それぞれの国の公的機関が定期的に集計・公表するデータを指します。物価・インフレ率・失業率・小売売上高・国内総生産などは景況を示す重要な経済指標となります。
そして、その発表内容が金融市場に大きな影響を与えるのです。各国の経済活動状況を表す統計データのことを、【経済指標】といいます。
経済指標を分析/読み取ることによって、世の中の景気を判断する際に大いに役立ちます。
経済指標発表直後の結果を受けて、日経平均株価・個別銘柄の株価~為替相場が大きく動くこともよくあります。
本稿で紹介する経済指標のうち、雇用統計や小売売上高とは一般的『米国内の統計』となります。一見、日本の景気に関係ない・・と考えてしまいそうです。
が、米国は経済規模が大きく~発表される数値そのものが『全世界の経済に大きな影響を与える』ことにつながります。

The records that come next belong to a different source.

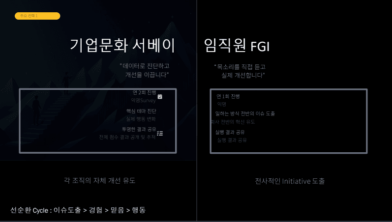 집요하고 구체적인 서베이: 연 2회 익명 서베이를 진행하면서 실제 행동 변화를 주제로 문항을 매우 날카롭게 구성했어요. 이외에도 임직원 FGI를 연 1회 진행해 회사 전반의 혁신을 유도하고 주도적인 문화 개선을 유도했죠.
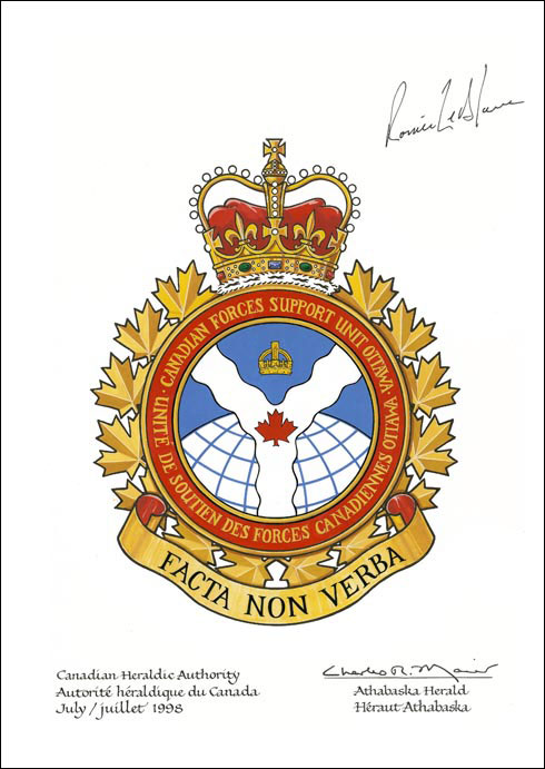 Badge of the Canadian Forces Support Unit OttawaBlazonAzure a demi terrestrial globe issuant in base Argent its geographic grid Azure over all a pall wavy Argent charged at the crossing with a maple leaf Gules in chief a representation of the Royal Crown Or all within an annulus Gules fimbriated and inscribed with the Unit’s title in letters Or; SymbolismElements from the Arms of the Regional Municipality of Ottawa-Carleton have been arranged on a field recalling the global mandate of the unit to serve Canadian Forces in all parts of the world. |
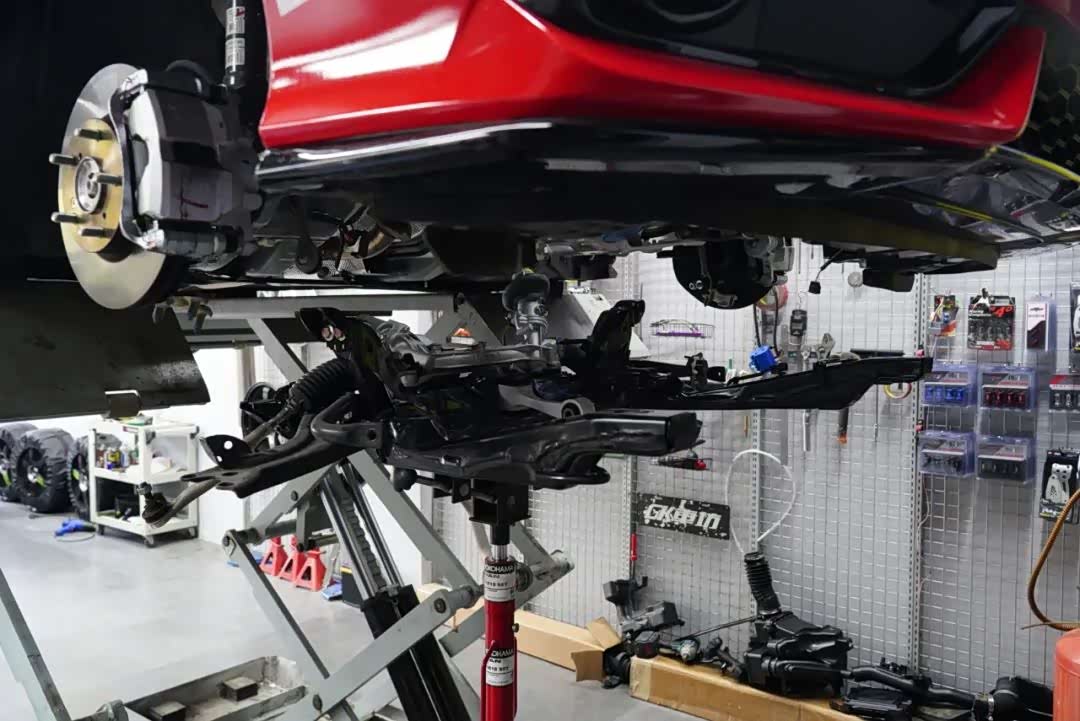 全新CIVIC思域Hatchback的变速箱拆装比较繁琐一些,需要落下原厂的元宝梁又称四方架,才可以抬起来,这可以称得上大工程。
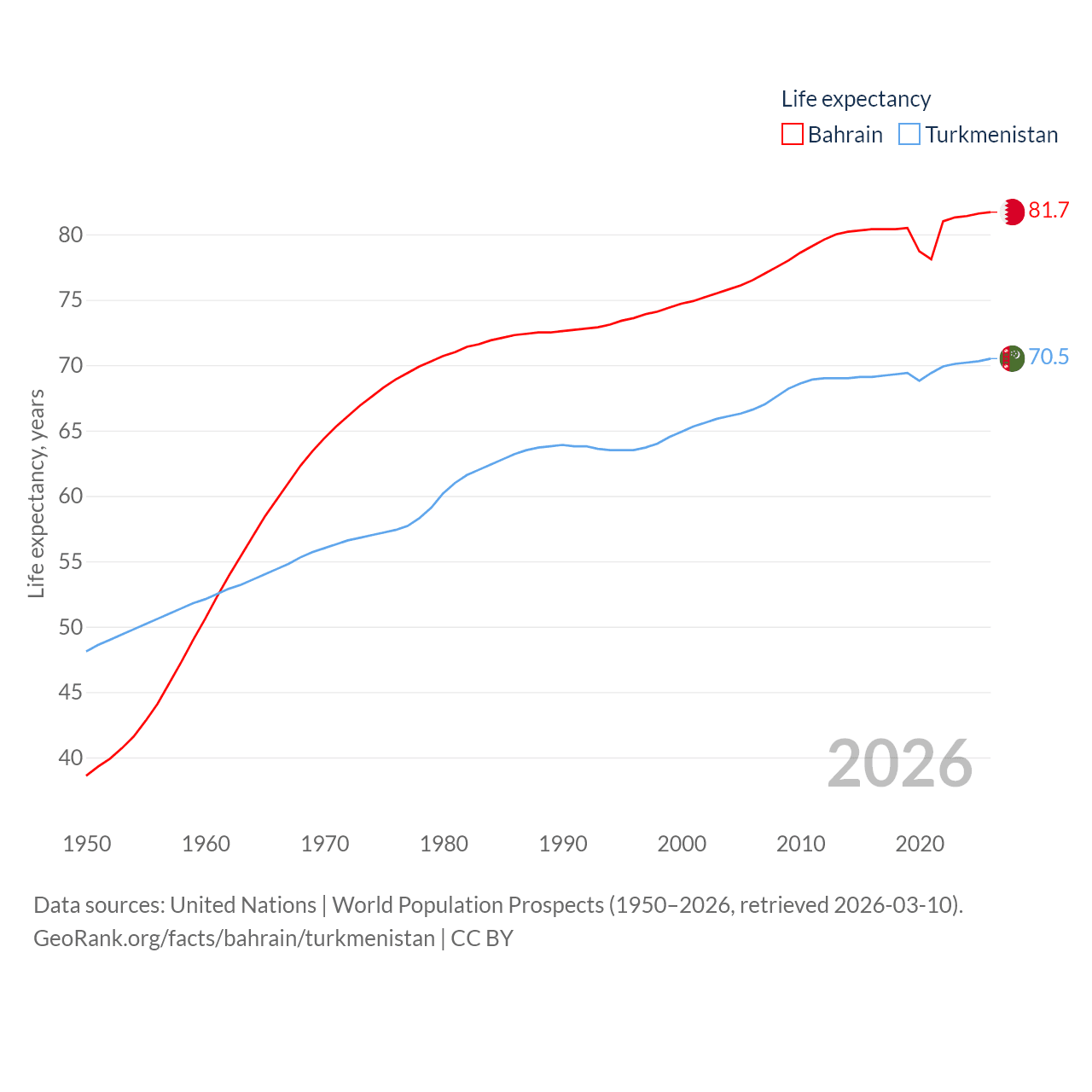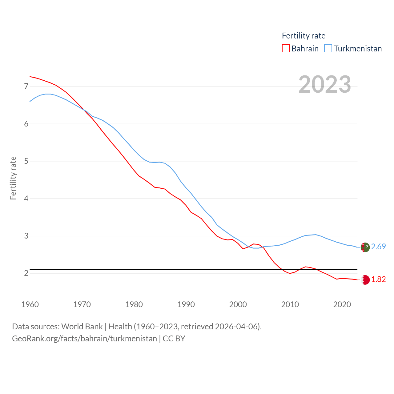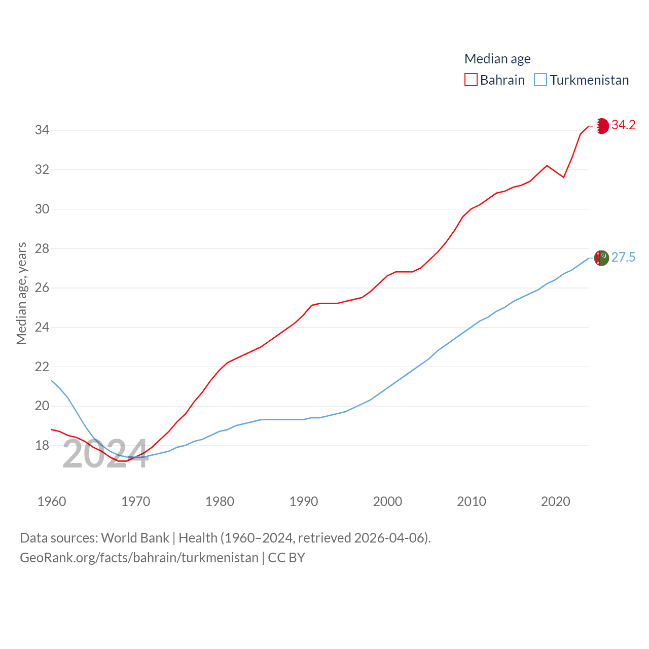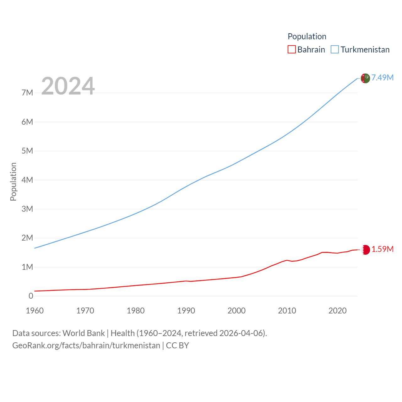 Bahrain has a population of 1.59M (ranked 151/197), compared with 7.49M in Turkmenistan (ranked 104/197). Bahrain's land area is 309 sq mi versus 181,441 sq mi for Turkmenistan (ranked 174th vs. 53rd).

日本も例外ではなく、『日本国内の《公的機関発表の数値など》だけで判断できない』…点をおさえておきましょう。
日本国内の経済動向を読み取る指標とは?
日本の経済指標には、
・【経済全体を総合的に示す指標】
・【企業の生産活動を示す指標】
・【家計の消費動向を示す指標】
などが数多くあります。『主となる経済指標』を共有していきましょう。
実質GDP成長率/内閣府/四半期 GDP(Gross Domestic Product=国内総生産)
ある一定期間内に国内で生産されたモノ・サービス等の付加価値の総額のことで、国の経済規模を表す経済指標です。
GDPには⇒「名目GDP」と「実質GDP」の2つがあり、名目GDPから物価変動の影響を除いたものが実質GDPとなります。
年末に、毎年多くの経済予測機関から翌年度の経済見通しが発表され、この際に利用されるのが実質GDPの成長率です。
景気動向指数/内閣府/毎月 景気動向指数⇒景気全体の動向を知るため、《産業》・《金融》・《労働》などの経済の側面を網羅した『30項目の景気指標を統合し、1つの指標にしたもの』です。景気動向指数には、景気を先取りして動く「先行指数」、景気と並行して動く「一致指数」、景気に遅れて動く「遅行指数」があります。
経常収支(黒字)/財務省/毎月 『国際収支の基準の1つ』
貿易・サービスや投資による日本と海外のお金の出入りを表しています。《貿易収支》・《サービス収支》・《第一次所得収支》・《第二次所得収支》から構成されています。居住者・非居住者間で行われる取引のうち、金融収支に計上される取引以外~債権・債務の移動を伴うすべての取引の収支状況を示します。
貿易収支(黒字)/財務省/毎月 輸出額から輸入額を差し引いた額のことです。輸出額が輸入額を上回る『輸出超過を貿易黒字』逆に『輸入超過を貿易赤字』といいます。貿易収支は『内外の景気動向、および外国為替相場の値動きで変動』します。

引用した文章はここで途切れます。